Оркестр долго оставался у Анхелики Мерседес. Никто не поверил бы, что он когда-нибудь уйдет от нее и начнет играть в городе. Но это тем не менее произошло, и поначалу мангачи осудили музыкантов. Но потом они поняли, что в отличие от Мангачерии жизнь меняется. С тех пор как в Пьюре начали открываться бордели, оркестр засыпали выгодными предложениями, а есть соблазны, перед которыми невозможно устоять. И кроме того, хотя дон Ансельмо, Молодой и Болас выступали теперь в городе, жили они по-прежнему в предместье и бесплатно играли на всех мангачских празднествах.

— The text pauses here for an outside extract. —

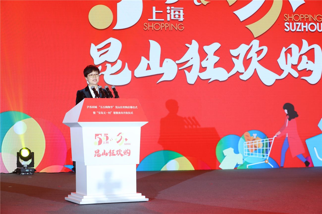 陈丽艳在致辞时表示,举办沪苏同城“五五购物节”昆山狂欢购活动,是昆山融入沪苏同城化的重要举措,也是进一步激发市场活力、释放消费潜力的重要抓手,更是服务构建新发展格局的重要平台,目的是让每个消费者感受到昆山这座城市的温度。昆山作为全国县域经济发展的“领头雁”,是全国购买力最强的县市。今年的狂欢购活动最大特点是沪苏同城、沪昆联动、携手台商,坚持区域合作联动、线上线下融合,不仅精彩纷呈、亮点不断,而且诚意满满、实惠多多,是一场属于昆山全体市民的购物盛会。当然,昆山的好物远远不止舌尖美食、眼前风景,还储备了一批“黑科技”产品,这一切的产品都为了一条,那就是满足人民群众对美好生活的向往。

На этот раз дело приняло скверный оборот: оркестр перестал играть, непобедимые остановились на танцевальной площадке и, не отпуская своих дам, уставились на Семинарио. И молодой Алехандро сказал:
Тут-то и началась настоящая заваруха, потому что пошли в ход револьверы.

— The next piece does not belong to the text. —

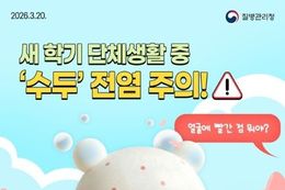인사이드피플 장은미 기자 | ■ 새 학기 단체생활 중 '수두' 전염 주의!! "얼굴에 빨간 점 뭐야?" 새 학기 단체생활이 늘어나면서 어린이집과 유치원, 학교에서 수두가 집단 발생하고 있어! "나 수두인 것 같아!" 수두는 보통 14~16일 잠복기 후 미열과 발진, 무기력함, 물집이 나타나! "긁적 몸이 간지러워…" "수두인가?" · 주요 증상 - 미열, 발진, 무기력함, 물집 수두는 물집에 직접 접촉하거나 기침이나 재채기로 전염될 수 있으니, 단체생활 시 주의가 필요해! "수두, 어떻게 전염될까?" · 감염 경로 - 물집과 직접 접촉 - 기침·재채기를 통한 호흡기 전파 수두는 대부분 자연 회복되지만 예방접종이 가장 효과적인 예방법이고, 등원·등교를 하지 않는 것이 중요해! 수두, 예방접종으로 미리 예방하자구! · 접종대상 및 시기 - 소아의 경우, 12~15개월에 수두 백신 1회 접종 * 13세 이상 미접종자는 4~8주 간격 2회 접종 - 성인의 경우, 4~8주 간격 2회 접종 수두가 의심되면? 등원·등교는 NO! 병원은 GO!

— Пьяница! — крикнула Дикарка. — Он их все время задирал. Сам виноват, что отправился на тот свет, так ему и надо, нахалу!
Сержант отпустил Сандру, шагнул вперед — сеньор думает, что разговаривает со своими слугами? -и Семинарио, запинаясь, — ах вот как, ты, значит, ершистый — и тоже двинулся вперед, колыхнув свою огромную тень на дощатой стене в голубых, зеленых и лиловых отсветах, сделал шаг — кусок дерьма! — другой и вдруг с ошеломленным видом остановился как вкопанный. Сандра взвизгнула от смеха.
— Литума наставил на него револьвер, — сказала Чунга. — Он выхватил его так быстро, что никто и опомниться не успел, точь-в-точь как в ковбойских фильмам
— Он был в своем праве, — пробормотала Дикарка. — Не мог же он без конца терпеть унижения.
Непобедимые и девицы бросились к бару. Сержант и Семинарио мерили друг друга взглядом. Литума не любит забияк, сеньор, они ему ничего не сделали, а он держит себя с ними как со слугами. Ему очень жаль, но он не может позволить этого сеньору.
— Не пускай дым мне в лицо, — сказала Чунга.
— А он тоже вытащил револьвер? — сказала Дикарка.
— Нет, — сказал Молодой, — он только положил руку на кобуру и поглаживал ее, как щеночка.
— Испугался! — воскликнула Дикарка. — Литума сбил с него спесь.
— Я думал, что в нашем краю уже нет мужчин, — сказал Семинарио, — что все пьюранцы обабились и стали слюнтяями. Но оказывается, еще остался этот чоло. Только ты еще не знаешь Семинарио.
— Зачем людям нужно вечно враждовать, почему они не могут жить в мире и согласии, — сказал дон Ансельмо. — Как прекрасна тогда была бы жизнь.
— Кто знает, маэстро, — сказал Молодой, — может быть, она была бы тогда невыносимо скучной и еще более унылой, чем сейчас.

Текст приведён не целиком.